Addison Howard, Bernadette Bouchon-Meunier, IEEE CIS, inversion, John Lei, Lynn@Vesta, Marcus2010, Prof. Hussein Abbass. (2019). IEEE-CIS Fraud Detection. Kaggle. https://kaggle.com/competitions/ieee-fraud-detection

# Methodology 
I will use following **Machine Learning Models** to conduct this project 
1. **Logistic Regression**: This is a basic model that can be used as a starting point. It's simple and interpretable.

2. **Decision Trees and Random Forests**: These models can capture complex patterns in the data. Random Forests, being an ensemble of decision trees, can provide a more robust solution against overfitting.

3. **Neural Networks**: Deep learning models, especially autoencoders, can be used for anomaly detection. An autoencoder tries to reconstruct its input data, and a high reconstruction error can indicate a fraudulent transaction.

4. **Support Vector Machines (SVM)**: SVMs can be effective, especially when the data is not linearly separable.

5. **K-Nearest Neighbors (KNN)**: This is an instance-based learning algorithm that can be used for its simplicity and effectiveness.

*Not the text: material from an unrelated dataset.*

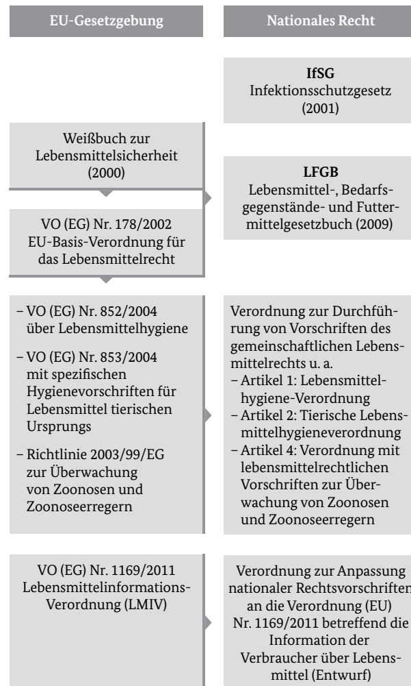
Abbildung 1: Übersicht über die rechtlichen Rahmenbedingungen in der Gemeinschaftsverpflegung

Außerdem wird die Anwendung einschlägiger DIN-Normen (zum Beispiel 10508 Temperaturen für Lebensmittel, 10526 Rückstellproben in der GV, 10524 Arbeitskleidung, 10514 Hygieneschulung) empfohlen. 42

    K-means via RapidsML cuDF: https://www.kaggle.com/code/suraj520/k-means-via-rapidsml-cudf-know-fit-infer
    

The following **Techniques** will be involved:

1. **Principal Component Analysis (PCA)**: Given that credit card registers are considered personal information and cannot be shared publicly, PCA can be used to mask the actual variables, changing not only their names but also their numeric values. This allows for dimensionality reduction and working with real data without revealing any personal information.
2. **Handling Imbalanced Data**: Fraudulent transactions are typically much fewer than legitimate ones, leading to class imbalance. Techniques like oversampling, undersampling, and using the Synthetic Minority Over-sampling Technique (SMOTE) can help balance the classes.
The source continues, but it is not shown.